In layman’s term; it’s called “Padrino System”, we are not born yesterday for us not to know these things, but if you wanted your GAB to be approved then debate in a more precise in a more convincing manner in which they will think that your proposed budget should be approved.

During the third phase which is the Budget Execution/Implementation, the timing may not always be right. No matter how well you plan, your resource allocations don’t always follow your budget plans. Put simply, the budget execution stage is when funds are actually raised and spent to implement the policies, programs, and projects outlined in the enacted budget. This stage can be somewhat of a challenge for civil society groups looking to ensure the budget are implemented as intended, as they typically have limited options for engagement. Governments differ widely in how they regulate and monitor spending to ensure adherence to budgets. In some cases, the treasury (or finance ministry) exercises strong central control overspending. In cases where departments have more autonomy over managing their budgets, treasuries monitor expenditures through such requirements as regular reporting by each department of its spending.

In practice, budgets generally are not implemented exactly as they were approved; in many cases funding levels in the budget are not adhered to and, through such practices as virement (i.e., the executive shifts funds that were allocated to one area to another during the budget year), authorized funds are not spent for the intended purposes. Deviations can result from conscious policy decisions or in reaction to changing economic conditions, but concerns arise when there are dramatic differences between the allocated budget and actual spending that do not correlate with any measurable policy.
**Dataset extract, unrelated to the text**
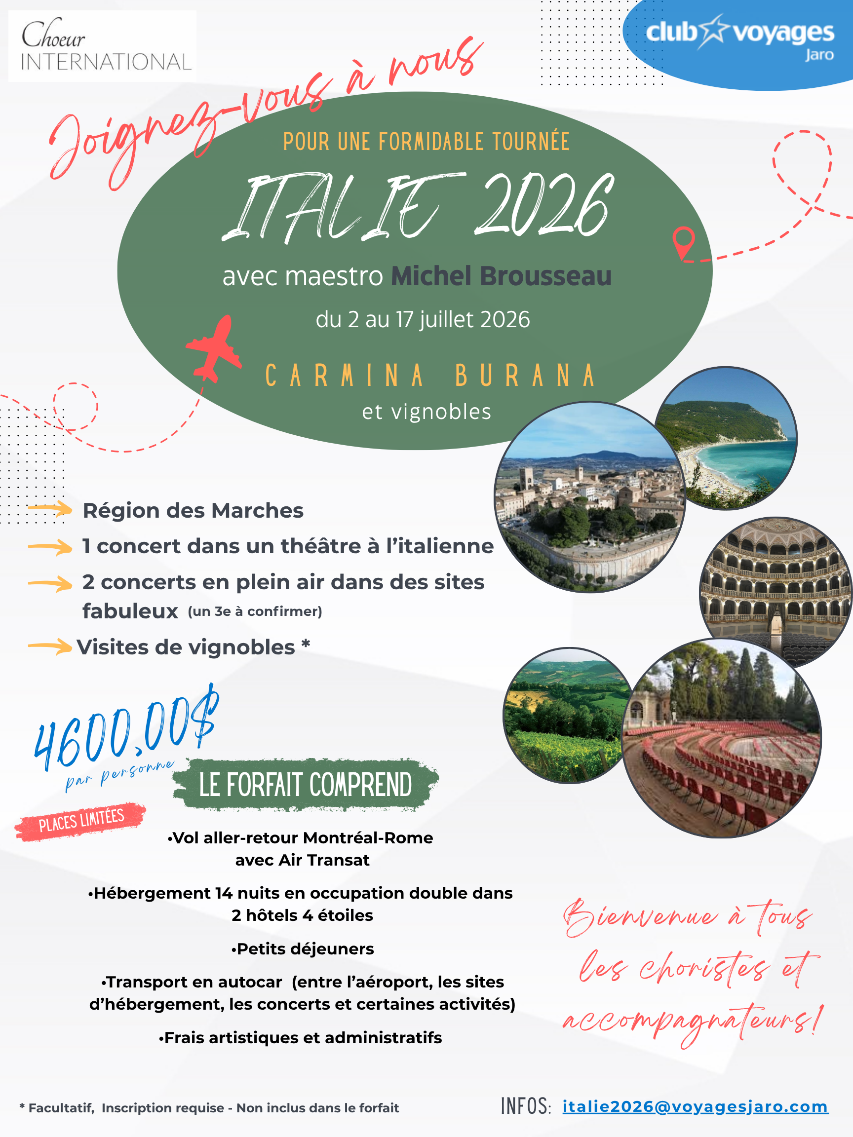Mission : Le Chœur international, fondé et dirigé par Michel Brousseau, Chef et directeur artistique, a double mission d’organiser des tournées et des projets à vocation artistique à l’échelle internationale, et d’offrir, par la même occasion, à des chanteurs amateurs la possibilité de donner des concerts avec des artistes professionnels.

Sometimes these cases result from outright abuse by the executive, but they may also reflect the effects of a poor budget process and technical problems that make it difficult for the executive to implement the budget in line with what was enacted into law. For instance, the budget may not be clear about the intended purposes of particular funds, and weak monitoring and reporting systems can limit the availability of information that the executive needs to monitor the flow of expenditures.

The solution to the problem if I may is to adjust the program/project implementation to handle increases in spending or lower than expected revenues. Most of the time money comes in and goes out in accordance with the budget. A good budget isn’t a limitation on what our country can spend. It’s a financial embodiment of your country’s strategy and tactics for the year.
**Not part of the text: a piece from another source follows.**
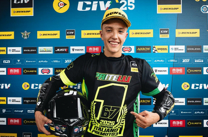 Velocità Lorenzo Pritelli è il Campione Dunlop CIV PreMoto3 2025 Ph FMI

There are a lot of unforeseen circumstances during the execution phase, a good strategy and contingency plan for me is a good option in dealing with such problems during the execution.

The Fourth and final phase is the Budget Accountability & Review and even though the budget has already been consummated there will always be problems that will be encountered during this phase and those problems require a wider lens.
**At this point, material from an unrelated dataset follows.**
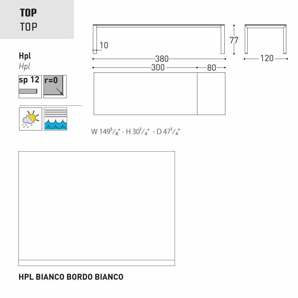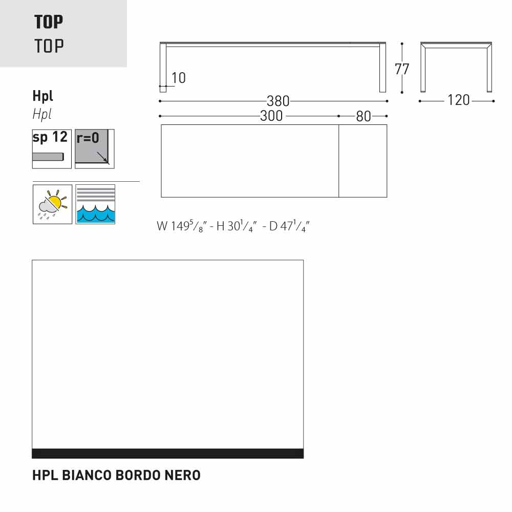 - 120x 300/380 x H 77 cm ; 1 rallonge de 80 cm
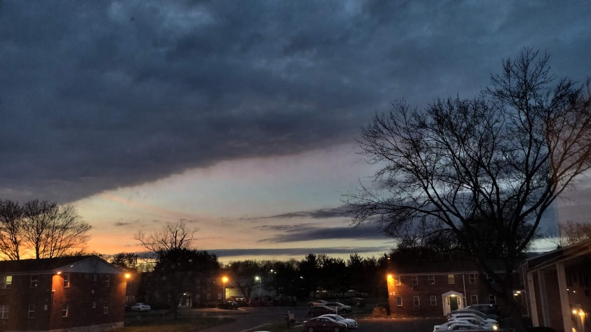 This probably-not-actually-a-nimbus cloud rolled through around sunset and made it look like some sort of blight was taking over Morrisville and Trenton—which is weird, since there seems to be a pretty effective blight in place here already. It's redundant—like putting a band-aid on top of a cast on someone's arm.

The budget revision shall not be disregarded since there are several issues transpired during the previous phases. Adjustments and changes in revenues, costs and new information about the stakeholders are examples of things that may require budget revisions.

Some of the money isn’t spent effectively by a country that is declared among the most corrupt countries and shall be supervised properly.

And the only solution is to evaluate the budget regularly.